[Exercise materials]
╔══

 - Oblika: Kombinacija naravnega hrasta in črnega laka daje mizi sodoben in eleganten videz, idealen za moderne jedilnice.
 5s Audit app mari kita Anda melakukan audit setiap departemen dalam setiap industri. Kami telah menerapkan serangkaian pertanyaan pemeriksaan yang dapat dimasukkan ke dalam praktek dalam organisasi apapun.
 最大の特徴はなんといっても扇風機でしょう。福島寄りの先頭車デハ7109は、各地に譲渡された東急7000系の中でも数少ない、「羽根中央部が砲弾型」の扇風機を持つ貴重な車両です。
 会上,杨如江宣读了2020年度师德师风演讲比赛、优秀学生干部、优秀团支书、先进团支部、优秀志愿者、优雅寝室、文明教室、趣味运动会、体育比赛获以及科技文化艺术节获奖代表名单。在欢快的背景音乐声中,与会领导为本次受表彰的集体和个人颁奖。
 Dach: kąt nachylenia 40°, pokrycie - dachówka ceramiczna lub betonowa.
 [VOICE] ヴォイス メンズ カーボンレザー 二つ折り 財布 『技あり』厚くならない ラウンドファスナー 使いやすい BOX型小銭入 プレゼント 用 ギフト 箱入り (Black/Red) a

╚══
╔══

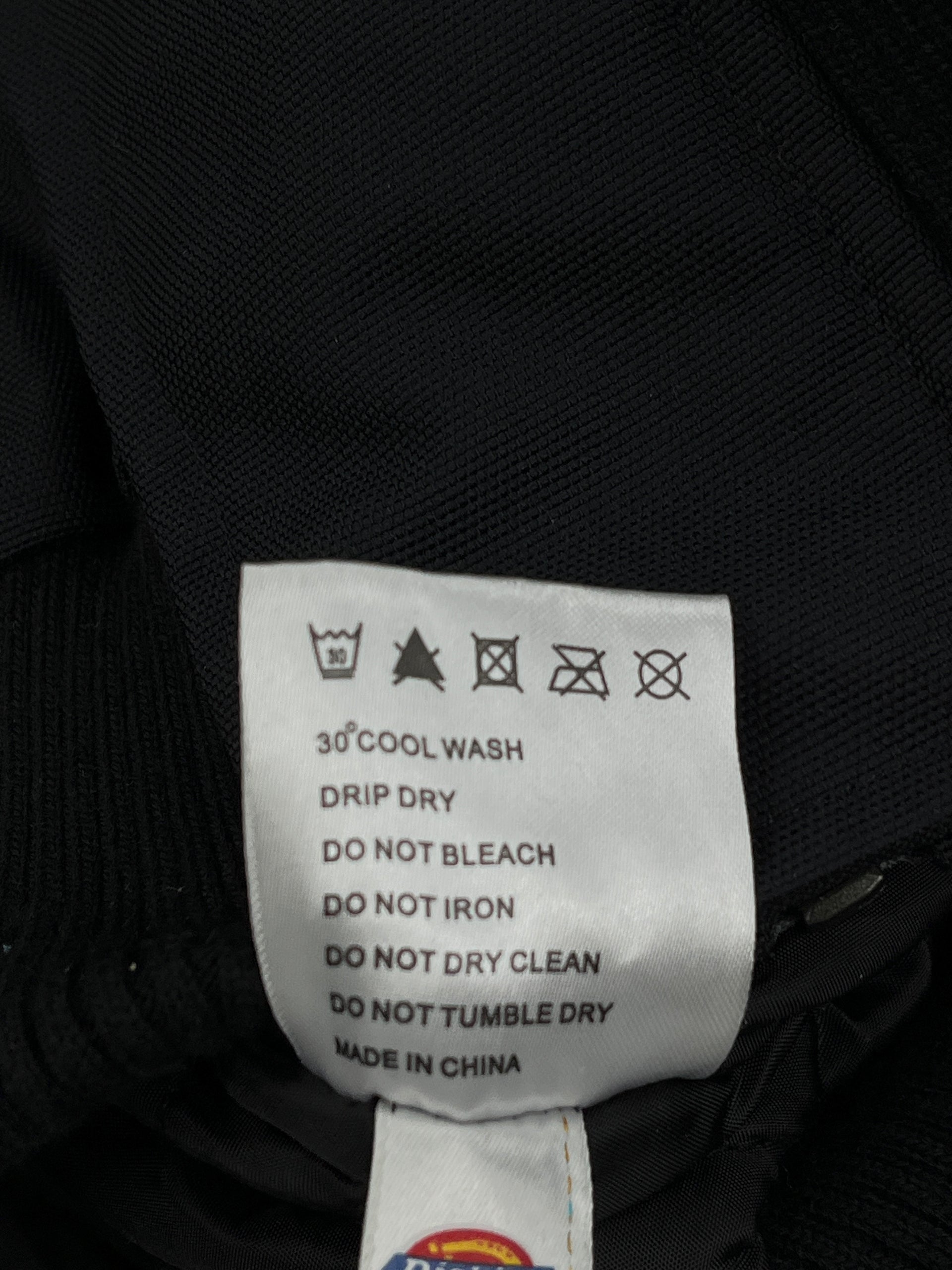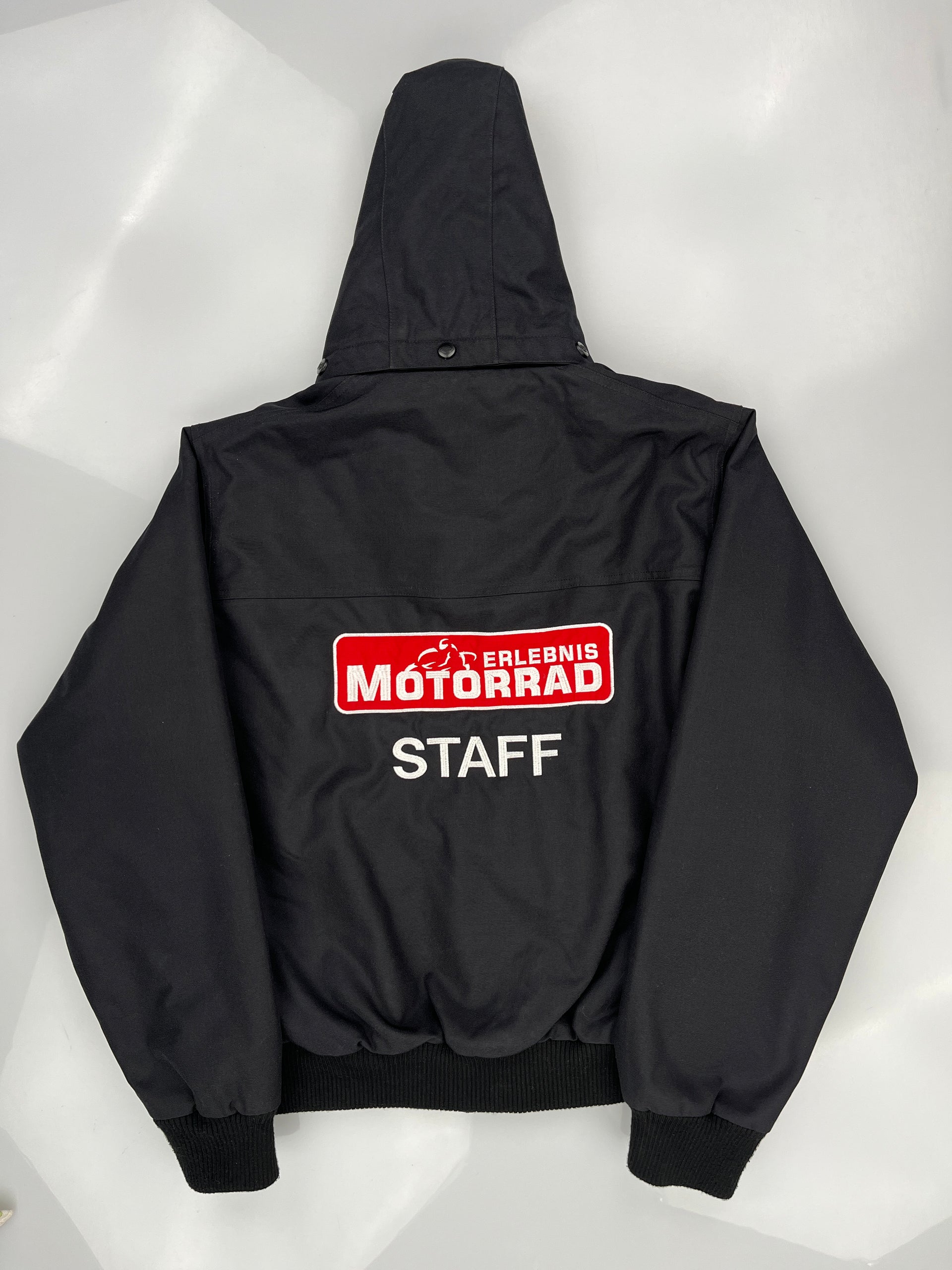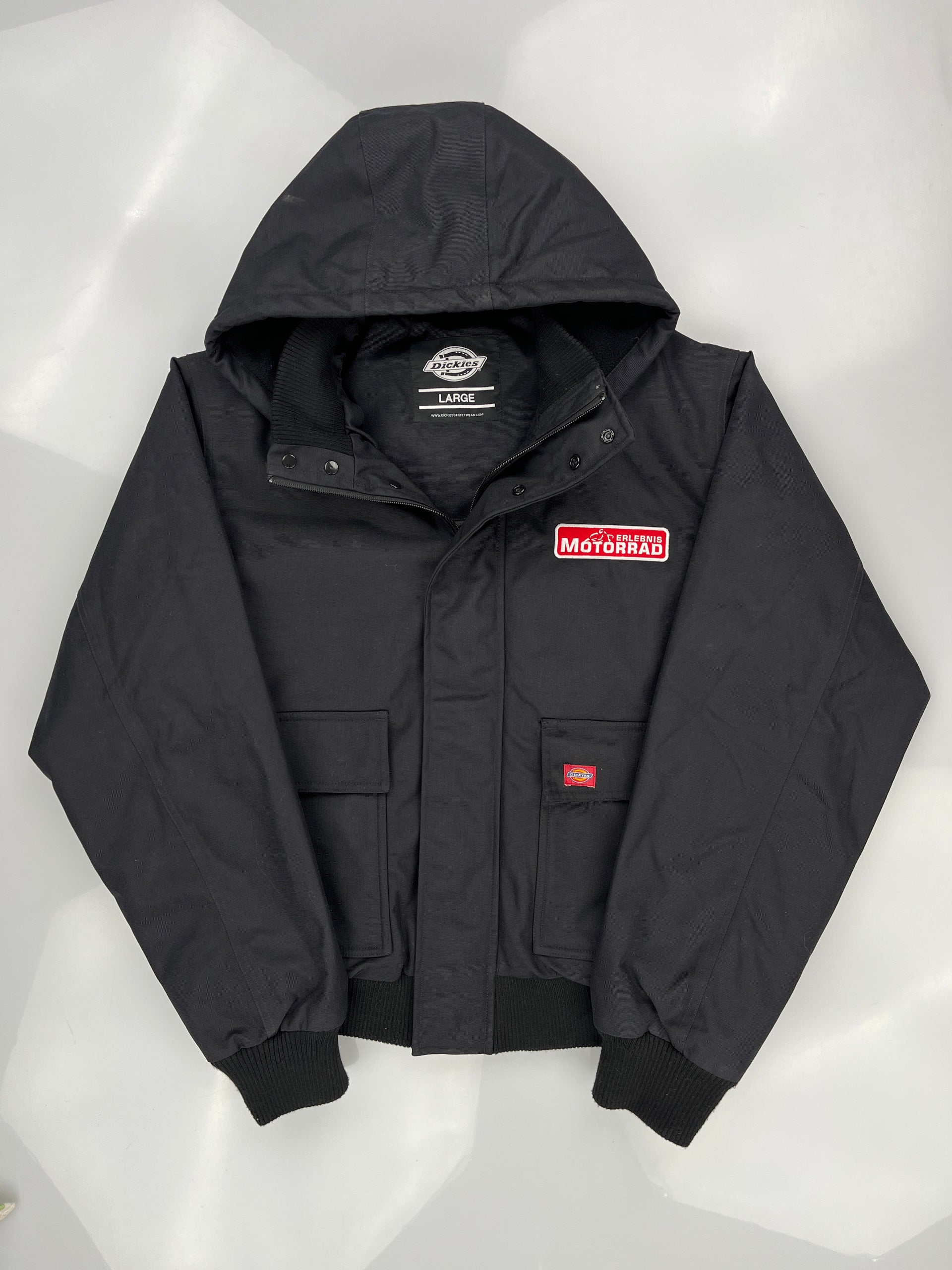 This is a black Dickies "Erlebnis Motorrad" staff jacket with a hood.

╚══
╔══

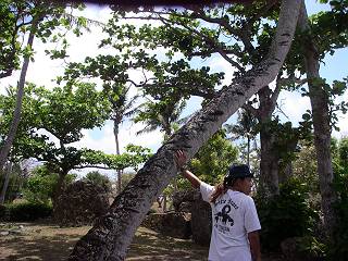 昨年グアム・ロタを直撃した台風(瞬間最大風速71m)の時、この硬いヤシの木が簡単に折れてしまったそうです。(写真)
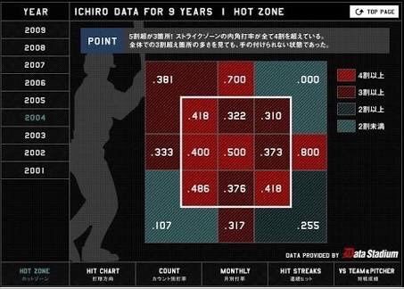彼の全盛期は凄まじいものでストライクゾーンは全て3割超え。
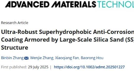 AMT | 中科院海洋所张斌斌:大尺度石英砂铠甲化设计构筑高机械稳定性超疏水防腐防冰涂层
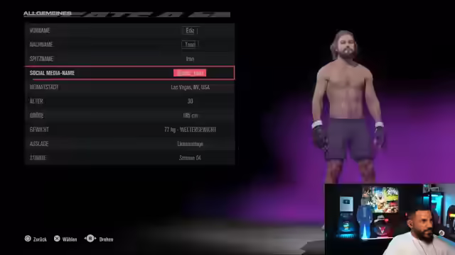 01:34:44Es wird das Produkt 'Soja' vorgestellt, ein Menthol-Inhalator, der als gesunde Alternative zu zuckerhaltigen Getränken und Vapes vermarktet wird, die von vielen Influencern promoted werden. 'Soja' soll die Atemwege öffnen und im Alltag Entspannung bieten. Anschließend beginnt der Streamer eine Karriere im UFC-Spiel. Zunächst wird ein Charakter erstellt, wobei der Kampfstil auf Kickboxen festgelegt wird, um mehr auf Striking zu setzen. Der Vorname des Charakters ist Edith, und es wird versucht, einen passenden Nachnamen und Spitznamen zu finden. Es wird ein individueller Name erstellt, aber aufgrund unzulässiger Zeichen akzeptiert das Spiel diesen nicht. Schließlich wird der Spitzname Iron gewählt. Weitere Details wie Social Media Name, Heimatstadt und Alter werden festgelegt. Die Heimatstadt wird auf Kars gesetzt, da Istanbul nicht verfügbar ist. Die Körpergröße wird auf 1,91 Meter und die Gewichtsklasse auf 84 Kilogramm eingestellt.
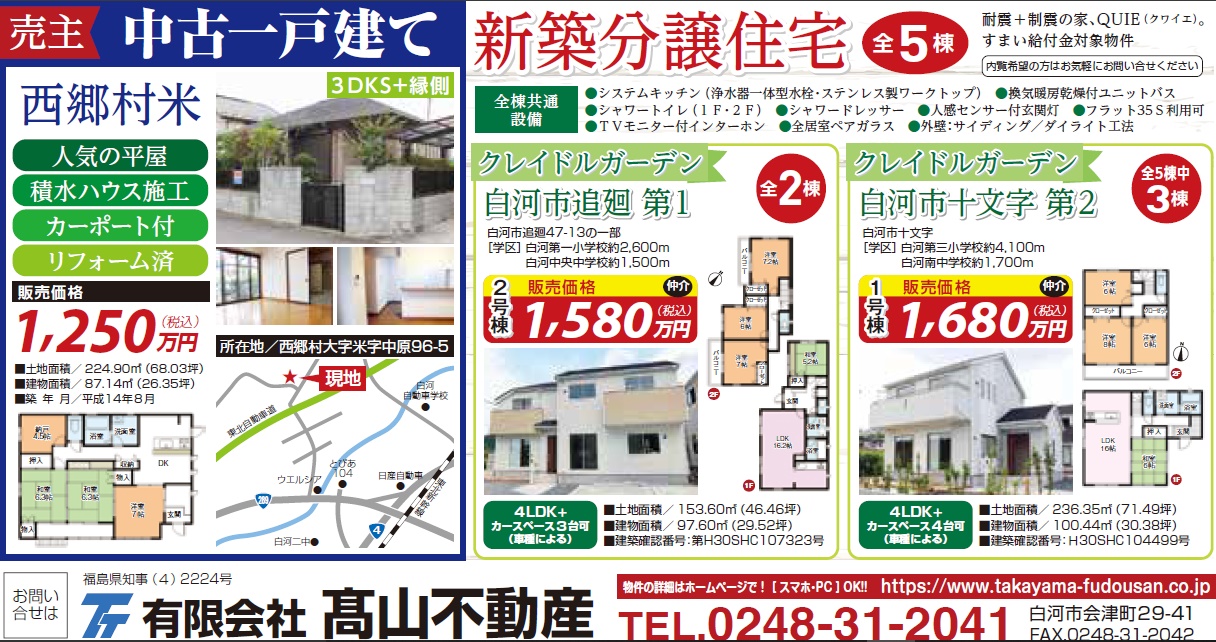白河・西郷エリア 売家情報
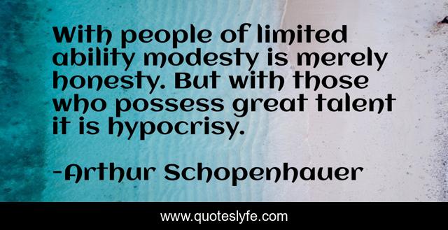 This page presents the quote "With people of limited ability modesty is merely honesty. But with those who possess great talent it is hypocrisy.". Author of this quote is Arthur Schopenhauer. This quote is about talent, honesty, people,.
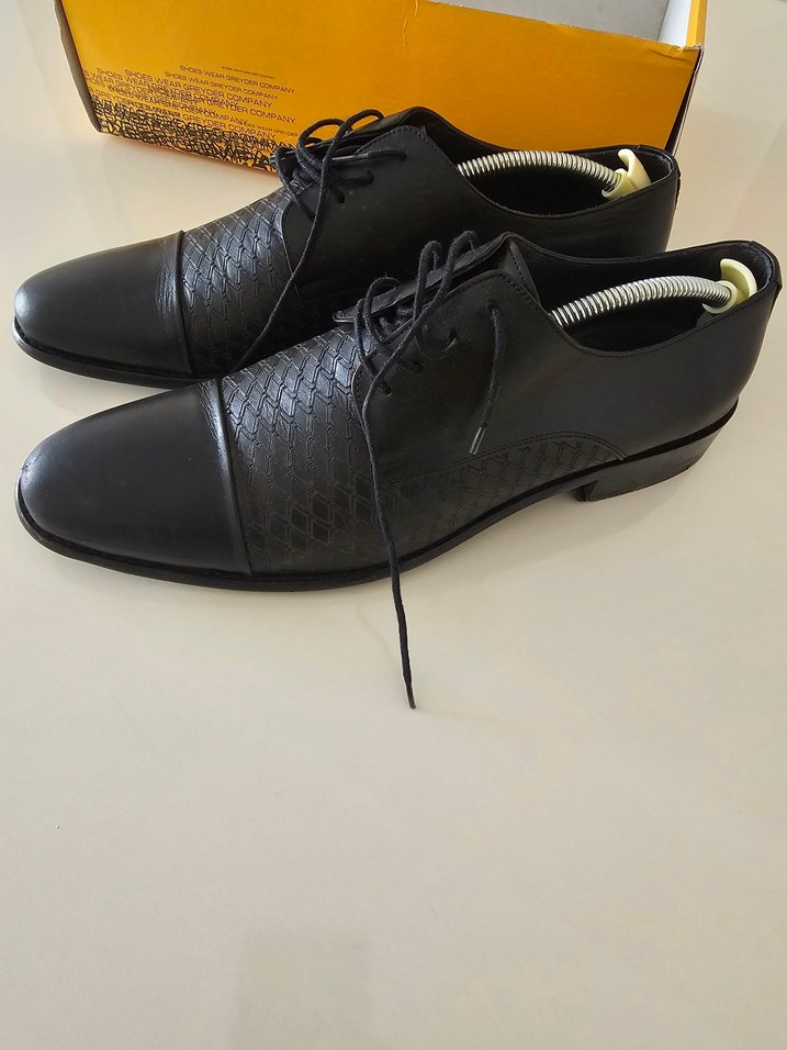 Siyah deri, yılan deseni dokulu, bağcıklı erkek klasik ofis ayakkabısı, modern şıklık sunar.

╚══

Only the lines above from the one with "- Oblika: Kombinacija" up to and including the one with "Dach: kąt nachylenia" should be repeated, exactly as written.

[Response area]
 - Oblika: Kombinacija naravnega hrasta in črnega laka daje mizi sodoben in eleganten videz, idealen za moderne jedilnice.
 5s Audit app mari kita Anda melakukan audit setiap departemen dalam setiap industri. Kami telah menerapkan serangkaian pertanyaan pemeriksaan yang dapat dimasukkan ke dalam praktek dalam organisasi apapun.
 最大の特徴はなんといっても扇風機でしょう。福島寄りの先頭車デハ7109は、各地に譲渡された東急7000系の中でも数少ない、「羽根中央部が砲弾型」の扇風機を持つ貴重な車両です。
 会上,杨如江宣读了2020年度师德师风演讲比赛、优秀学生干部、优秀团支书、先进团支部、优秀志愿者、优雅寝室、文明教室、趣味运动会、体育比赛获以及科技文化艺术节获奖代表名单。在欢快的背景音乐声中,与会领导为本次受表彰的集体和个人颁奖。
 Dach: kąt nachylenia 40°, pokrycie - dachówka ceramiczna lub betonowa.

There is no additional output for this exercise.